Dalam Program Aksara Mahasiswa 2026 terdapat dua skema yang dapat dipilih perguruan tinggi. Aksara Peduli ditujukan untuk pemberdayaan masyarakat dalam berbagai bidang, seperti pangan, energi, kesehatan, ekonomi kreatif, ekonomi hijau dan ekonomi biru.
Sementara Aksara Sirkular diarahkan pada upaya pemberdayaan masyarakat dalam pengelolaan sampah sejak dari sumbernya. Program dapat mencakup edukasi, pemilahan, penggunaan teknologi tepat guna, penguatan kelembagaan hingga pengembangan ekonomi sirkular.
Kepala Lembaga Layanan Pendidikan Tinggi (LLDIKTI) Wilayah VIII, I Gusti Lanang Bagus Eratodi, meminta perguruan tinggi ikut menciptakan lingkungan yang mendukung mahasiswa dalam menjalankan program tersebut.

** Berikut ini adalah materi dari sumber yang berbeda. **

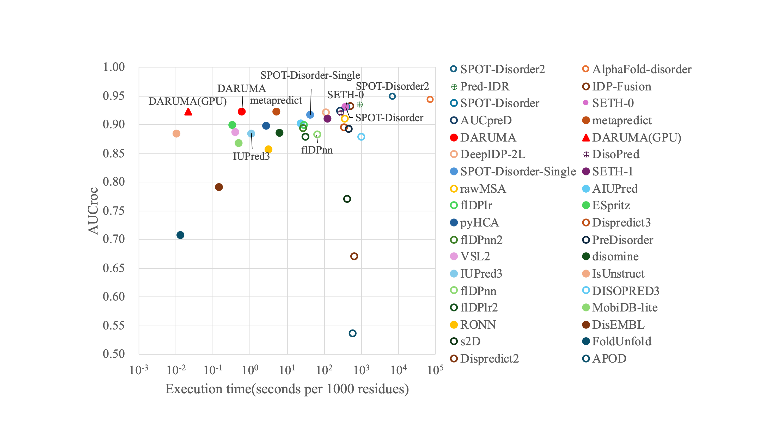 Although we used eight predictors as reference predictors in the development of the DARUMA model, we compared the performance of DARUMA with 34 predictors available from CAID2 (https://caid.idpcentral.org/challenge/results) (Table S3). In order to ensure a fair comparison of execution time, we ran DARUMA on the Intel Xeon E5-2697 v4 processor at 2.30 GHz with RAM limited to 47 GB, which matches the RAM size used in the CAID2. Some profile-free predictors, such as SETH-0, metapredict, and DARUMA, show comparable performance, although the predictors demonstrating high performance were mostly profile-driven ones. DARUMA achieved high speed prediction than other two among these three. Figure S2 showed that DARUMA is a well-balanced IDR predictor in terms of both prediction accuracy and execution time.

Dukungan kampus dapat diberikan melalui pendampingan dosen, rekognisi pembelajaran maupun penyediaan fasilitas. Perguruan tinggi juga didorong membangun kerja sama dengan pemerintah dan mitra terkait agar program yang dirancang dapat berjalan secara optimal.

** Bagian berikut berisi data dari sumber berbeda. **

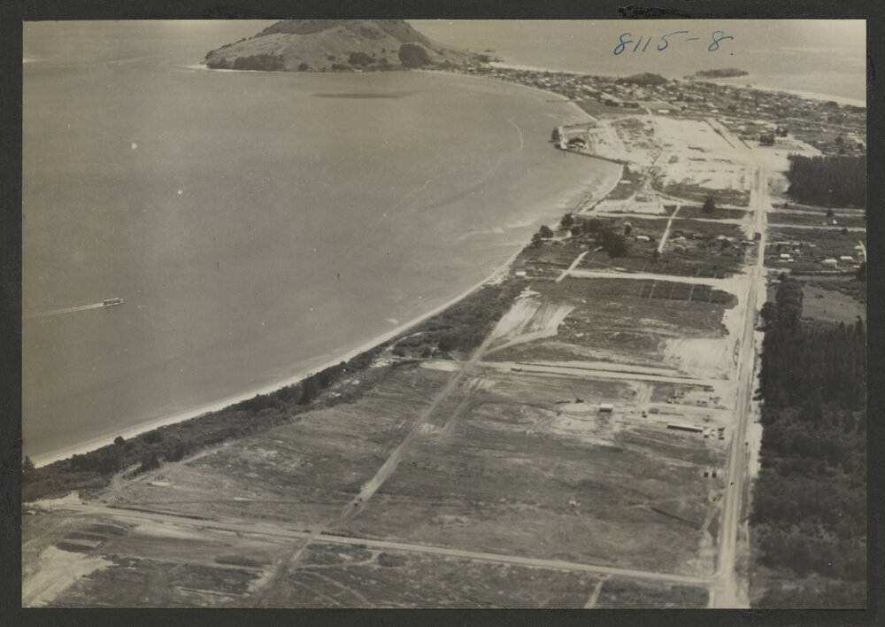 Date1956Reference NumberPhoto 25-1913DescriptionAerial photograph from page 37 of the photograph 'album with views of Matua and Mount Maunganui' near the property of Naera Gail Imrie-Petherick, ( -2013), née NaumannFormatPrint

“Jadikan program ini sebagai wadah untuk mengasah kepemimpinan, kepekaan sosial, dan keterampilan berpikir kritis. Kami yakin riset dan inovasi yang ada di kampus akan memberikan manfaat dan dampak nyata bagi masyarakat,” ujarnya.

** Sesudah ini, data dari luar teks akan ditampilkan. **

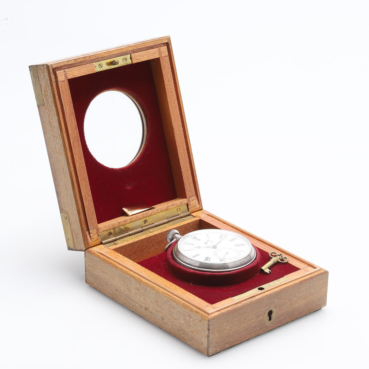 Diameter 60mm. Workshop number 6701818 Case number 9670771. Mahogany case with key.

Rektor Unizar Mataram, Muh. Ansyar, menyambut pelaksanaan kegiatan tersebut sebagai kesempatan untuk memperkuat budaya pengabdian masyarakat di lingkungan kampus.
Menurutnya, Program Aksara Mahasiswa dapat menjadi ruang bagi mahasiswa untuk mengembangkan gagasan dan inovasi sekaligus menerapkan kepedulian sosial melalui kegiatan yang terarah.
“Kami menyambut baik kehadiran Program Aksara Mahasiswa di Mataram. Program ini menjadi wadah strategis bagi mahasiswa untuk menuangkan gagasan, pemikiran inovatif, serta kepedulian sosial ke dalam karya yang terstruktur dan memberikan dampak nyata,” katanya.
Para peserta dalam kegiatan tersebut mendapat pembekalan mengenai kebijakan program, mekanisme pengajuan, persyaratan, luaran, serta penyusunan proposal untuk masing-masing skema. Materi juga mencakup pengelolaan administrasi dan keuangan.
Sesi diskusi kemudian dimanfaatkan mahasiswa dan dosen untuk membahas gagasan program yang dapat dikembangkan berdasarkan persoalan di daerah masing-masing.
Mahasiswa Unizar, Dian Aprilia, mengatakan kegiatan tersebut memberikan pemahaman baru mengenai pentingnya orientasi dampak dalam program pengabdian.
“Kami semakin memahami bahwa program pengabdian tidak hanya berorientasi pada pelaksanaan kegiatan, tetapi juga harus mampu menghasilkan perubahan yang dirasakan masyarakat,” ujarnya.
Hal serupa disampaikan Qaiz Ainurrahmadika dari Akademi Bisnis Lombok. Ia menilai kegiatan tersebut tidak hanya membantu peserta memahami penyusunan program berkelanjutan, tetapi juga membuka kesempatan bertukar gagasan dengan mahasiswa dari perguruan tinggi lain.
Melalui Program Aksara Mahasiswa, Kemdiktisaintek menargetkan kegiatan pengabdian yang dilakukan mahasiswa dapat lebih dekat dengan kebutuhan masyarakat. Kampus diharapkan menjadi penghubung antara potensi riset dan inovasi dengan persoalan nyata di daerah, sehingga manfaat program dapat dirasakan secara berkelanjutan.